→ Raw data
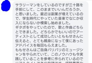 これから、上手くいっている歌い手を真似ても『これで本当に有名になるのかな・・・』『歌の収益化ってどうやるの・・・』と悩みに悩んでいたももせがどのようにして、停滞していた活動から抜け出し、そのための大切なことに気づき、初収益化を果たしたのか。一度夢を諦めたのに、その再開から今の活躍に至ることになったのか。その禁断の手法を包み隠さず、あなただけに伝授します。ほんの10分で構いません。心を休ませてお読みください。少なからず2ヶ月後に、あなたは周りの歌い手とは格が違う存在へと変貌していることでしょう。落とし穴にひっかかっているというその『衝撃の真実』を受け止める勇気のないあなたは、絶対に読まないでください。
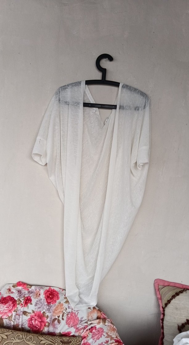 Beyaz, uzun boy kadın elbisesi, bol kesim ve kısa kollu, minimal bohem tarzında. Desensiz ve açık renkte, rahat bir siluet sunar.
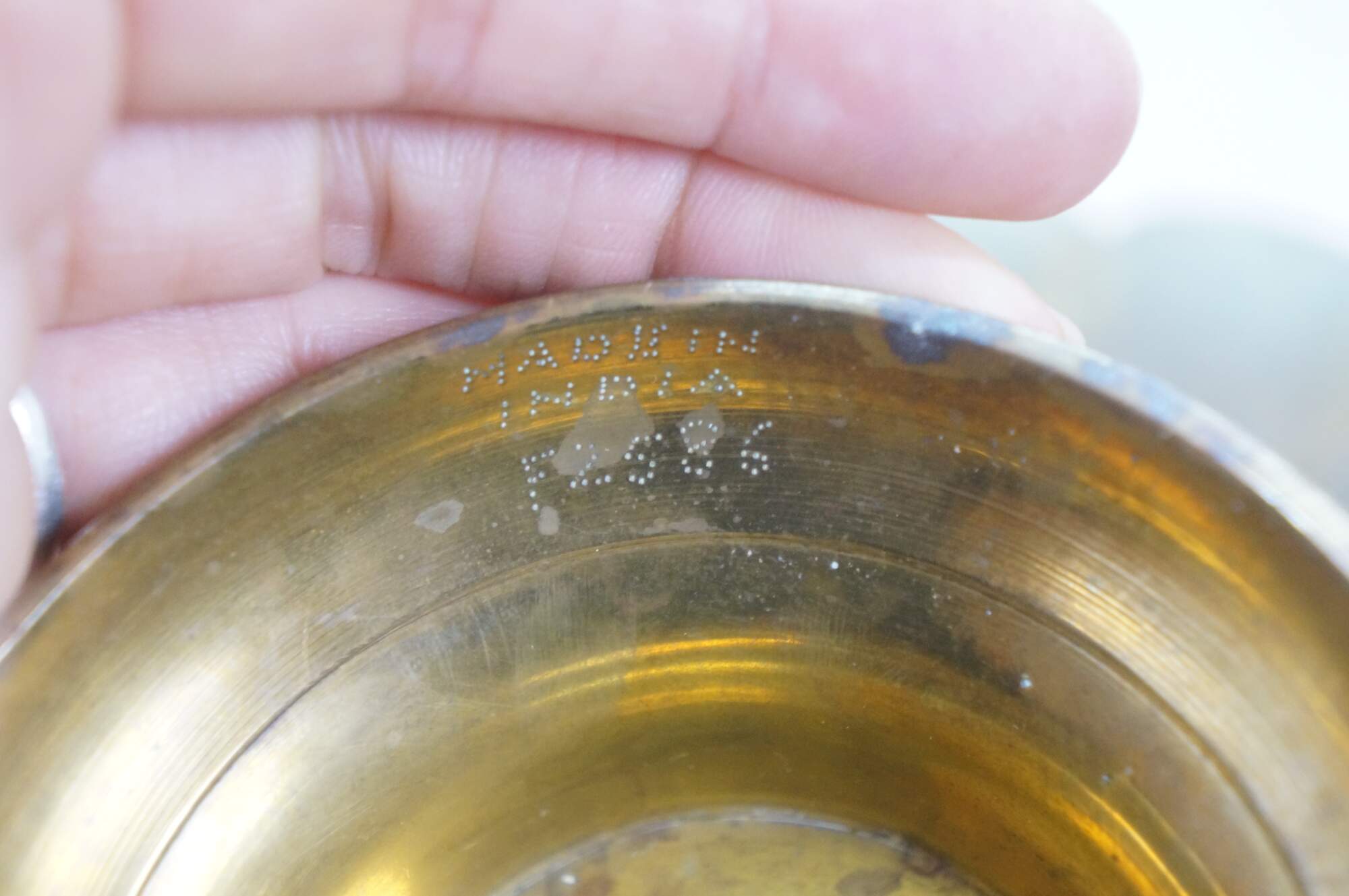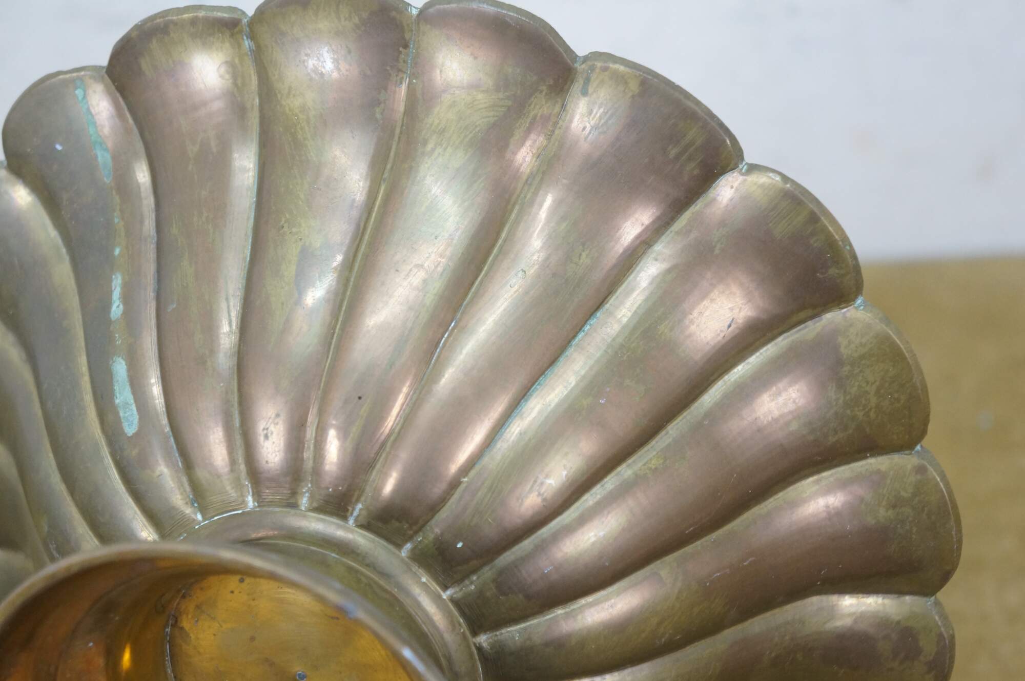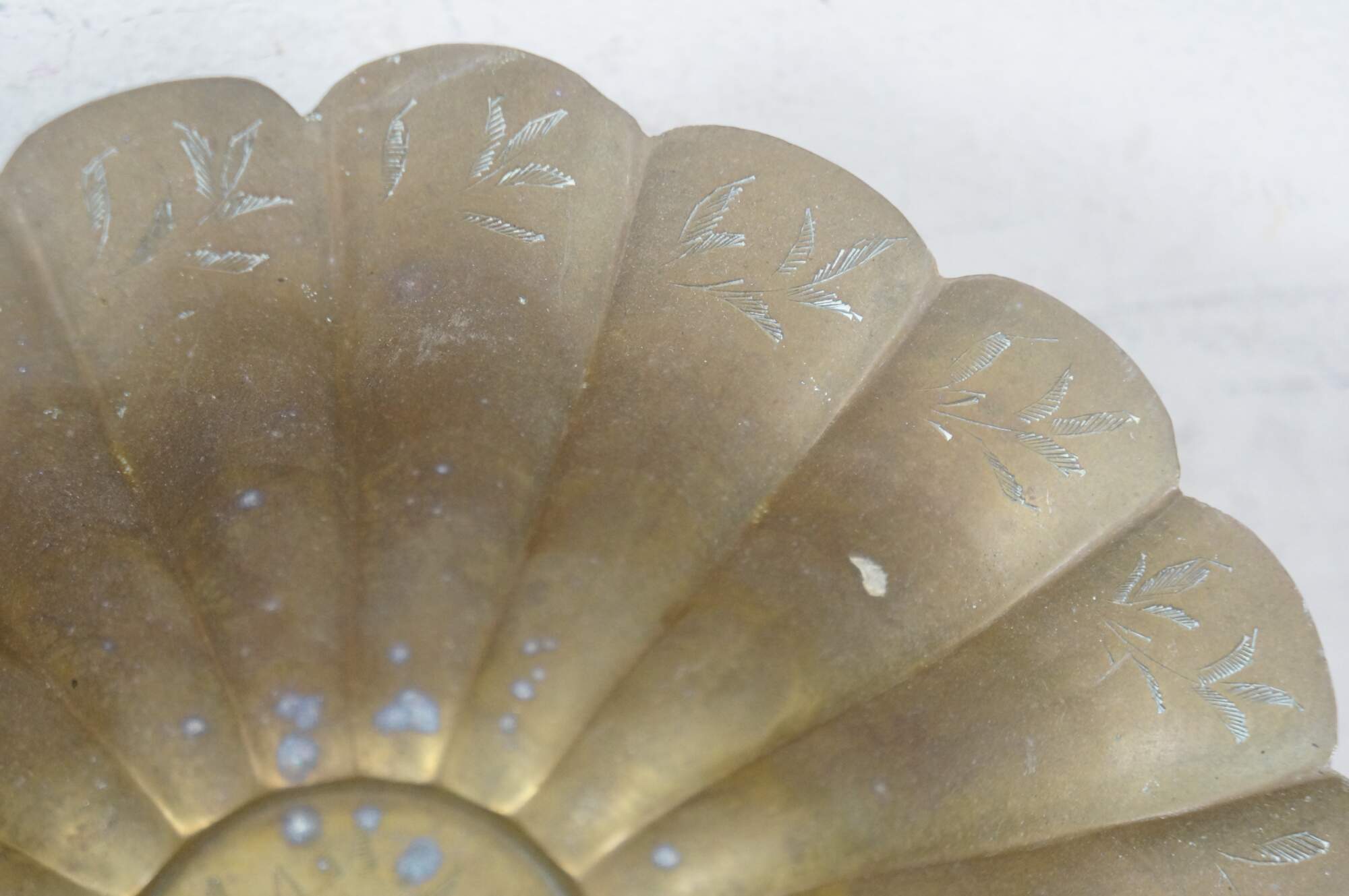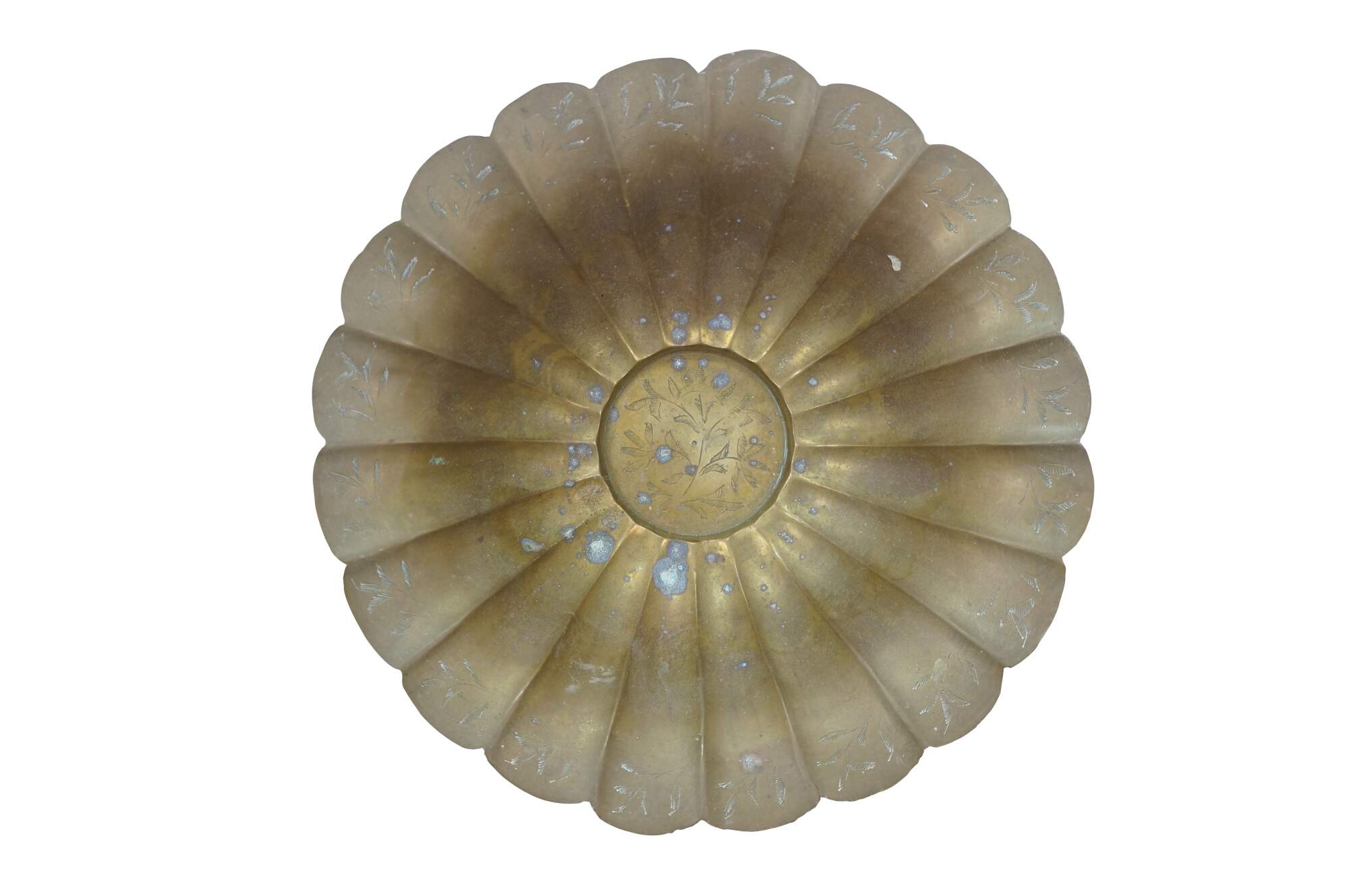 Late 20th century brass footed compote / dish - scalloped edge, fluted, flower shaped bowl with leaf etched edges and center with round pedestal base. Made in India.

→ Task description
Could you restate exactly the lines from the line containing "Beyaz, uzun boy" through the end of the listing, both ends included and nothing else, leaving the images out?

→ Answer section
 Beyaz, uzun boy kadın elbisesi, bol kesim ve kısa kollu, minimal bohem tarzında. Desensiz ve açık renkte, rahat bir siluet sunar.
 Late 20th century brass footed compote / dish - scalloped edge, fluted, flower shaped bowl with leaf etched edges and center with round pedestal base. Made in India.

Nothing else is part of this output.